Two insights unlock it:

State has two dimensions. The usual Dijkstra state (distance, city) is not enough — two routes to the same city with different remaining hop budgets are genuinely different. A cheaper route that used more hops is worse if it leaves us stranded.
Bellman-Ford is a perfect shape match. Bellman-Ford relaxes every edge in k + 1 rounds; round i discovers the cheapest walk using exactly i edges. For this problem we cap rounds at k + 1.

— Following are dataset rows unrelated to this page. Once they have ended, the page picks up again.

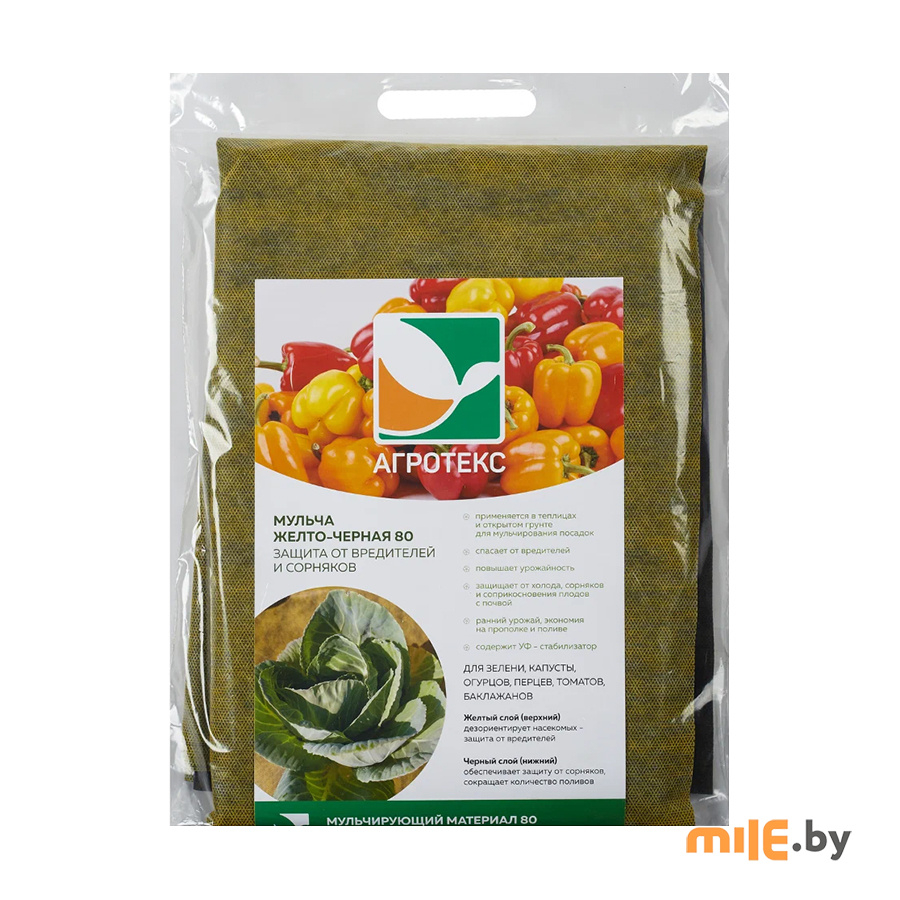 Мульчирующий укрывной материал жёлто-чёрный Агротекс предназначен для выращивания капусты, томатов, перцев, баклажанов и зелени. Желтый внешний слой дезориентирует насекомых, черный внутренний слой защищает от роста сорняков, растение требует меньше поливов. УФ стабилизатор делает материал устойчивым к солнечному свету.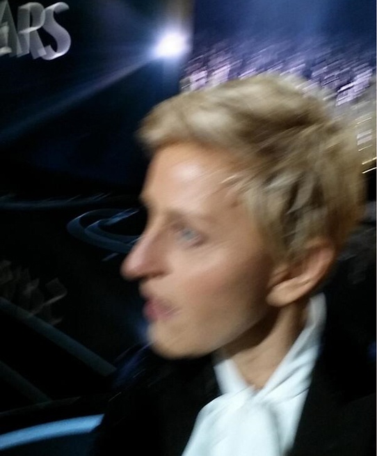 Bên cạnh đó, người dẫn chương trình Oscar 2014, Ellen DeGeneres, cũng gây sửng sốt cho toàn bộ khán giả khi trên sân khấu, cô rút chiếc Galaxy Note 3 ra để… “tự sướng”.Tuy nhiên, có vẻ nữ MC đã rung tay khiến tấm ảnh đăng lên Twitter bị mờ tịt.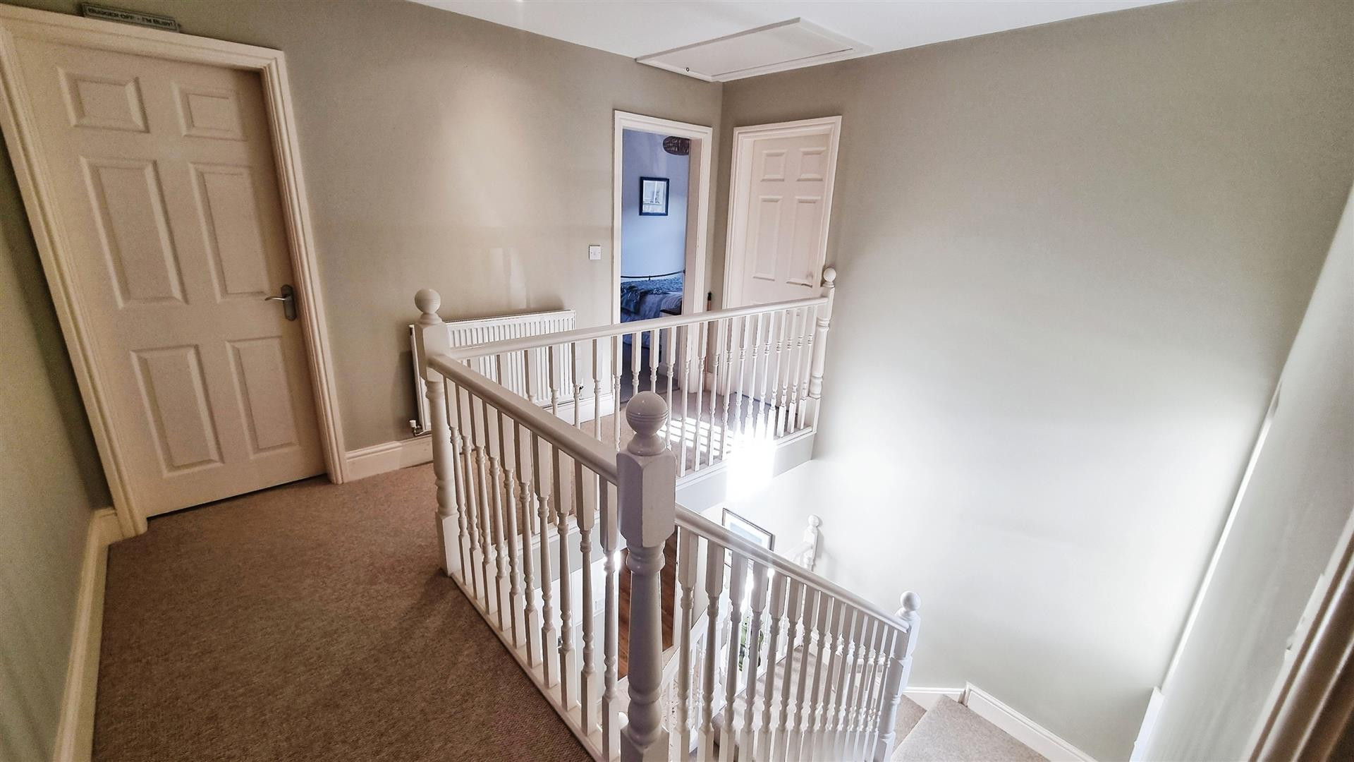 Stunning galleried landing area connecting to four bedrooms and bathroom. Having 3 storage cupboards, boiler cupboard and loft hatch.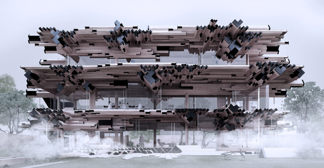 该装置探索了虚拟物体所能够产生的真实效果,展示了木材建筑与自动化和算法相结合所呈现的效果。这种技术的应用已经在其他项目中得到了探索,例如2017年塔林建筑双年展和2015年布鲁塞尔附近Wemmel的多户住宅。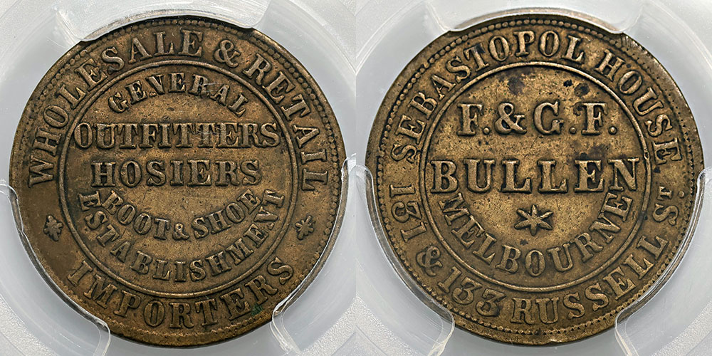 | Description: Bullen, F and G.F, Melbourne Vic N/D (1858) (R 62) brass Halfpenny token/check piece. Light brown, Rarity 6. PCGS graded XF 45 (49752643). Pop 1 and the only example graded. Rare this grade. Ex Noonans Oct 2023 (lot 1037) (since graded). aEF |
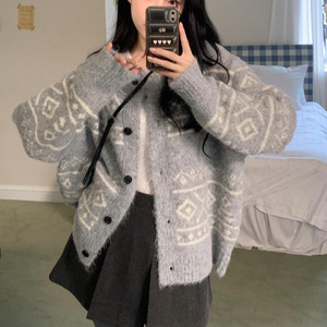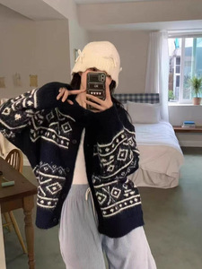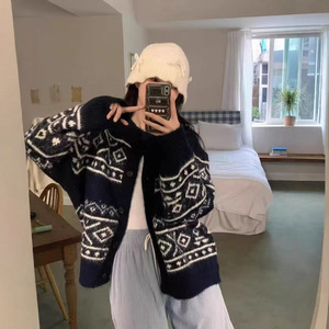 秋冬新款韩版设计感圆领套头复古提花撞色毛衣女针织衫开衫女毛衣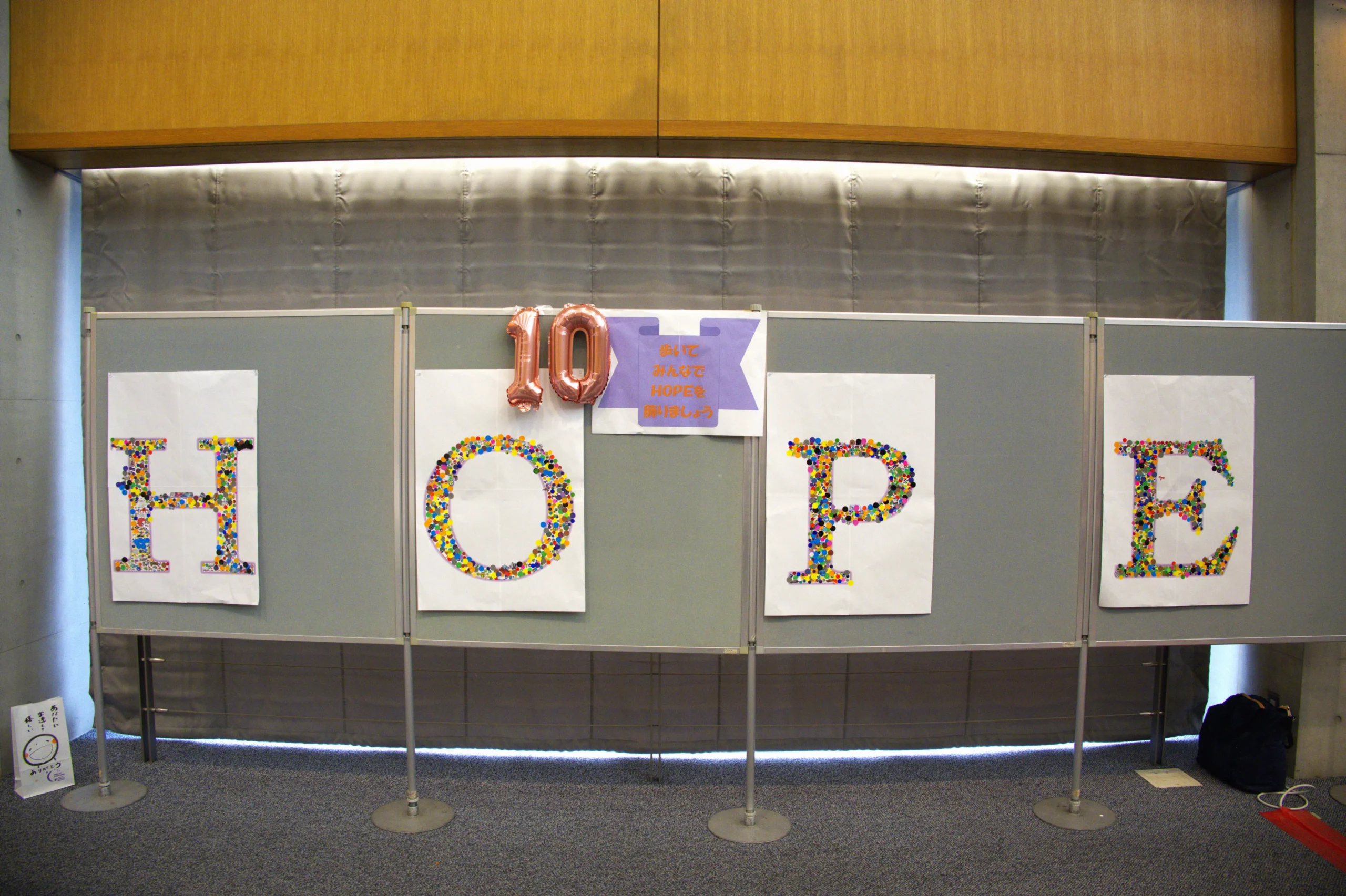 また、一周回るごとにシールを貼り、真っ白だった「HOPE」の文字も、皆さんの想いで彩り豊かに仕上げることができました。

Modified Dijkstra (state (cost, city, stops_used)) gives the same answer with better average-case performance, since it prunes hopeless branches by cost. Both are correct; Bellman-Ford is simpler to reason about, Dijkstra is faster in practice.

Approach

BFS Brute Force

TimeO(V^k)

SpaceO(V^k)

Exhaustively explore every walk of length ≤ k + 1 from src using BFS layer by layer. Track the running cost. At the dst node, keep the minimum cost seen. Correct but explodes combinatorially — useful only as a sanity-check baseline for tiny inputs.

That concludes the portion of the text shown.